Making simple calculations,

$$\begin{array}{ccc}\hfill T& =& \underset{h\to 0}{lim}{\displaystyle \frac{P(a+h)-P\left(a\right)-1/2\left[P\right(a+h/2)-P(a\left)\right]}{h^2/2}}\hfill \\ & =& {\displaystyle \frac{P^{\prime }(a+h)-1/2P^{\prime }(a+h/2)}{h}}\hfill \\ & =& P^{\prime \prime }\left(a\right)-{\displaystyle \frac{1}{2}}{P}^{\prime \prime }\left(a\right)={\displaystyle \frac{1}{2}}{P}^{\prime \prime }\left(a\right).\hfill \end{array}$$

(38)

Then,

$$\mathcal{R}={\displaystyle \frac{1}{2}}{P}^{\prime \prime }\left(a\right)(x-a)(x-b)+P^{\prime }\left(a\right)(x-a)+P\left(a\right).$$

(39)

Example 4.

To calculate the remainder of the division of the polynomial $P\left(x\right)=5x^4-8x^3+6x^2-5x+2$ by $Q\left(x\right)=x^3+3x^2+3x+1$, take into account that

• $x^3+3x^2+3x+1={(x+1)}^3$.
• $P(-1)=26$.
• $P^{\prime }\left(x\right)=20x^3-24x^2+12x-5$
• $P^{\prime \prime }\left(x\right)=60x^2-48x+12$
• $P^{\prime }(-1)=-20-24-12-5=-61$.
• $P^{\prime \prime }(-1)=60+48+12=120$.

Then, by considering Formula (39),

$$\mathcal{R}={\displaystyle \frac{120}{2!}}{(x+1)}^2-61(x+1)+26=60x^2+59x+25.$$

(40)

2.5. General Case

Let $P\left(x\right)$ be a polynomial of degree n. Assume that $P\left(x\right)$ has to be divided by $(x-a_1)(x-a_2)\cdots (x-a_n)$. By recurrence, it can be shown that

$$\begin{array}{ccc}\hfill \mathcal{R}& :=& \left[\sum _{i=1}^n{\displaystyle \frac{P\left(a_i\right)}{{\prod }_{\stackrel{j=1}{j\ne i}}^n(a_i-a_j)}}\right]\prod _{i=1}^n(x-a_i)\hfill \\ & +& \left[\sum _{i=1}^{n-1}{\displaystyle \frac{P\left(a_i\right)}{{\prod }_{\stackrel{j=1}{j\ne i}}^{n-1}(a_i-a_j)}}\right]\prod _{i=1}^{n-1}(x-a_i)\hfill \\ & +& \cdots \hfill \\ & +& \left[{\displaystyle \frac{P\left(a\right)}{a-b}}+{\displaystyle \frac{P\left(b\right)}{b-a}}\right](x-a_1)\hfill \\ & +& P\left(a_1\right)\hfill \\ & =& \sum _{k=1}^n\left[\sum _{i=1}^k{\displaystyle \frac{P\left(a_i\right)}{{\prod }_{\stackrel{j=1}{j\ne i}}^k(a_i-a_j)}}\right]\prod _{i=1}^k(x-a_i).\hfill \end{array}$$

(41)

Remark 1.

Observe that if $\mathcal{R}$ is the remainder of dividing the polynomial P by $(x-a_1)\cdots (x-a_n)$, then $\mathcal{R}$ is the interpolation polynomial in Newton’s form for the set of points $(a_1,P\left(a_1\right)),\cdots$, $(a_n,P\left(a_n\right))$; hence, the natural way to find this $\mathcal{R}$.

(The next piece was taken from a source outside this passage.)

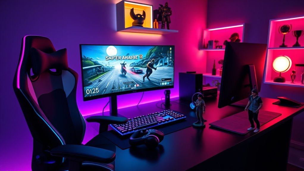 To personalize gaming gifts, I love adding custom touches like engraved controllers or monogrammed mousepads. You can also create a custom gaming setup with personalized decals or artwork that reflect their favorite games or characters. Including a heartfelt note or wrapping the gift in themed packaging makes it extra special. These thoughtful details show you put effort into making the gift unique and memorable for the gamer in your life.

In general, if the divisor is ${(x-a_1)}^{n_1}{(x-a_2)}^{n_2}\cdots {(x-a_k)}^{n_k}$, then the remainder of the division is

$$\mathcal{R}=R_1\left(x\right)+{(x-a_1)}^{n_1}\{R_2\left(x\right)+{(x-a_2)}^{n_2}[R_3\left(x\right){(x-a_3)}^{n_3}\cdots +R_k\left(x\right)]\},$$

(42)

where $R_1\left(x\right)$ is the remainder of the division $P\left(x\right):{(x-a_1)}^{n_1}$, whose quotient is $Q_1\left(x\right)$; $R_2\left(x\right)$ is the remainder of the division $Q_1\left(x\right):{(x-a_2)}^{n_2}$, whose quotient is $Q_2\left(x\right)$; …; and, finally, $R_k\left(x\right)$ is the remainder of the division $Q_{k-1}\left(x\right):{(x-a_k)}^{n_k}$, whose quotient is $Q_k\left(x\right)$, in such a way that the degree of $Q_k\left(x\right)$ is less than $n_{k+1}$.

Example 5.

To calculate the remainder of the division of the polynomial $P\left(x\right)=5x^4-6x^3-2x^2+7x+9$ by $Q\left(x\right)=x^3+2x^2$, take into account that $Q\left(x\right)=x^2(x+2)$. Obviously, one has

$$P\left(x\right)=(5x^2-6x-2)x^2+(7x+9),$$

from where

$$Q_1\left(x\right)=5x^2-6x-2$$

and

$$R_1\left(x\right)=7x+9.$$

Moreover,

$$Q_1\left(x\right)=(5x-16)(x+2),$$

from where

$$Q_2\left(x\right)=5x-16$$

and

$$R_2\left(x\right)=30.$$

Consequently,

$$\mathcal{R}\left(x\right)=R_1\left(x\right)+x^2\left[R_2\left(x\right)\right]=(7x+9)+30x^2=30x^2+7x+9.$$

3. Conclusions

In this paper, we have presented a case study where a generalization of a topic related to the division of polynomials is presented to university students as a model to follow the strategy of generalizing a mathematical result influenced by previous strategies. Specifically, we have solved the general problem of determining the remainder of the division of a polynomial $P\left(x\right)$ by a product of binomials $D\left(x\right)={(x-a_1)}^{n_1}{(x-a_2)}^{n_2}\cdots {(x-a_k)}^{n_k}$. The main advantage of the solution presented in the present paper is that it does not use the successive derivatives of $P\left(x\right)$, as in [12]. In effect, one contribution of [12] is Theorem 2.3, which provides a result concerning a special remainder theorem when the polynomial $P\left(x\right)$ is divided by another polynomial $D\left(x\right)$ of the form ${(x-b)}^m$. Additionally, Theorem 2.5 presents the expression of the quotient in the same case as Theorem 2.3. In these two results, the successive derivatives of $P\left(x\right)$ have been used. Finally, Theorem 4.1 states the so-called Generalized Quotient and Remainder Theorem, which uses the successive derivatives of $D\left(x\right)$. However, in the present paper, derivatives have been only used in the particular cases presented in Section 2.2 and Section 2.4.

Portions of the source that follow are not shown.